• PROBLEM TO SOLVE:
Leave out every picture, and restate word for word only the lines from the one containing "原神动漫周边迷彩翻盖数据线双肩背包 学生usb充电接口书包" through the end of the material.

• COLLECTED MATERIAL:
=== Begin Enclosure ===

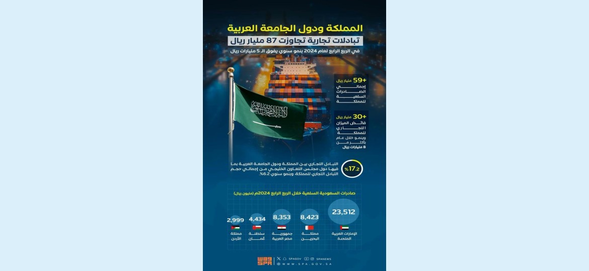 وفي إطار مسيرة النمو الاقتصادي الذي تشهده المملكة، سجّل إجمالي أحجام التبادلات التجارية بين المملكة ودول الجامعة العربية بما فيها دول مجلس التعاون لدول الخليج العربي نحو 87,768 مليار ريال سعودي تقريبًا خلال الربع الرابع 2024م، وذلك بحسب مجموعات الدول، ليشّكل هذا التبادل التجاري نحو 17.2% من إجمالي التبادلات التجارية للمملكة مع دول العالم الخارجي كافة، والبالغ نحو 510,974 مليارات ريال سعودي تقريبًا؛ لتحقق بذلك نموًا سنويًا يُقدر نسبته بـ 6.2%، وبقيمة زيادة تجاوزت الـ 5 مليارات ريال، مقارنة بنفس الفترة من العام 2023م، التي كانت تبلغ نحو 82,679 مليار ريال.
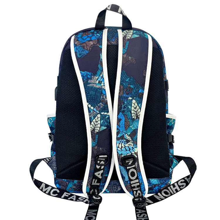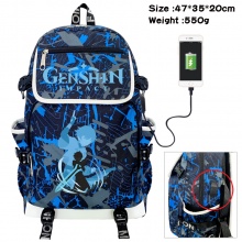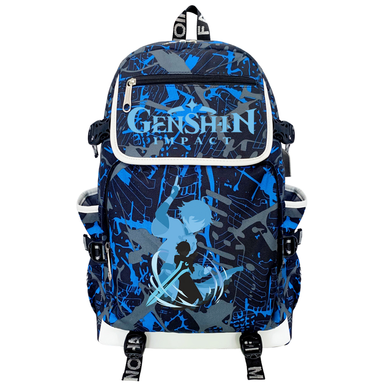 原神动漫周边迷彩翻盖数据线双肩背包 学生usb充电接口书包
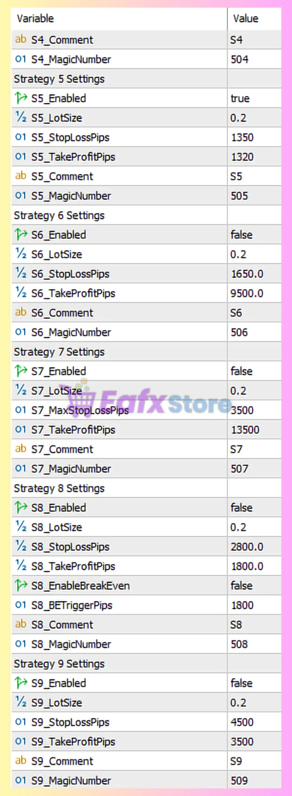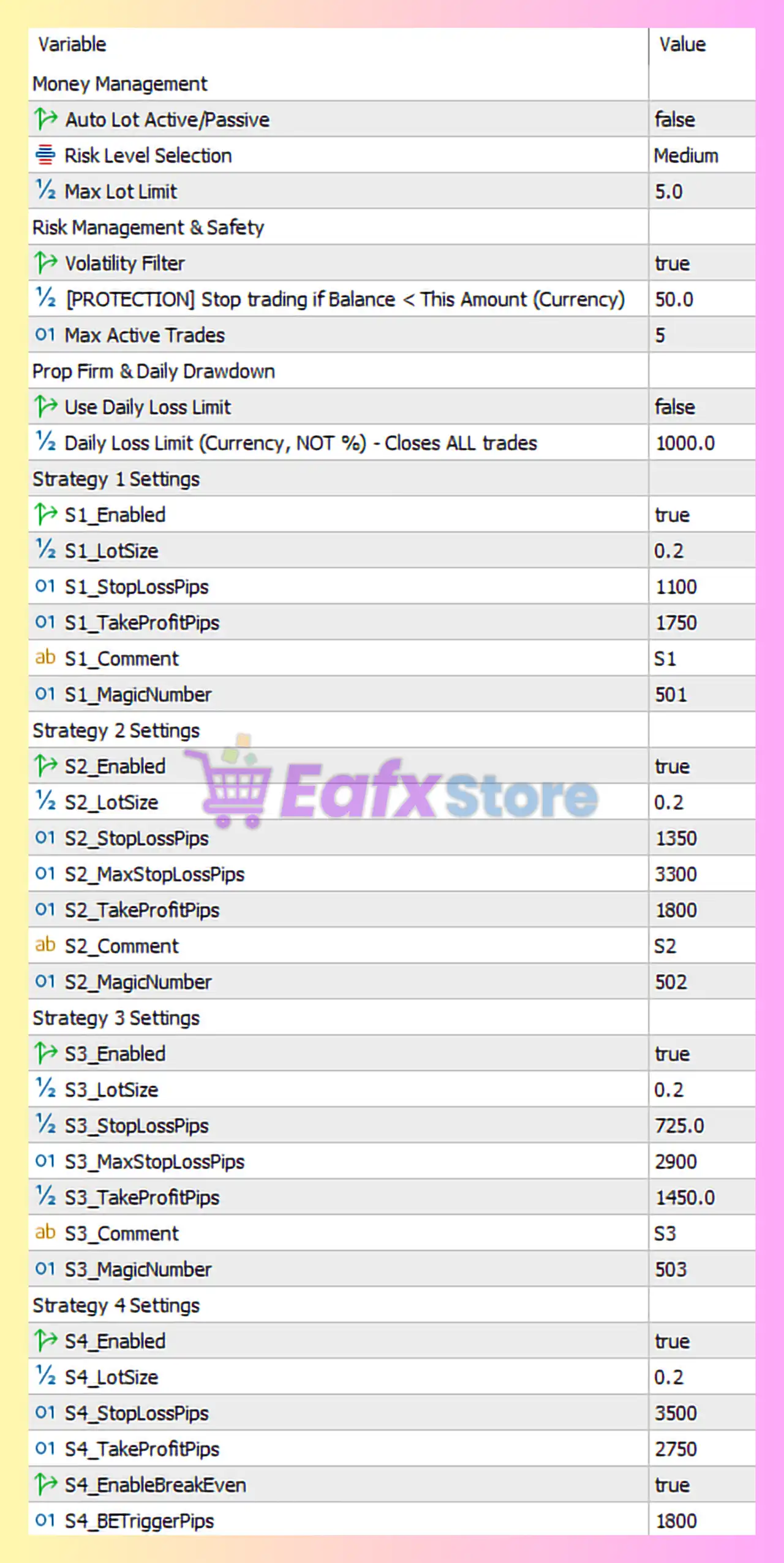 ➡️ Key Insight: Active strategies show diverse stop-loss and take-profit logic, meaning the EA likely combines trend, recovery, and swing trading algorithms.

=== End Enclosure ===

• ANSWER:
 原神动漫周边迷彩翻盖数据线双肩背包 学生usb充电接口书包
 ➡️ Key Insight: Active strategies show diverse stop-loss and take-profit logic, meaning the EA likely combines trend, recovery, and swing trading algorithms.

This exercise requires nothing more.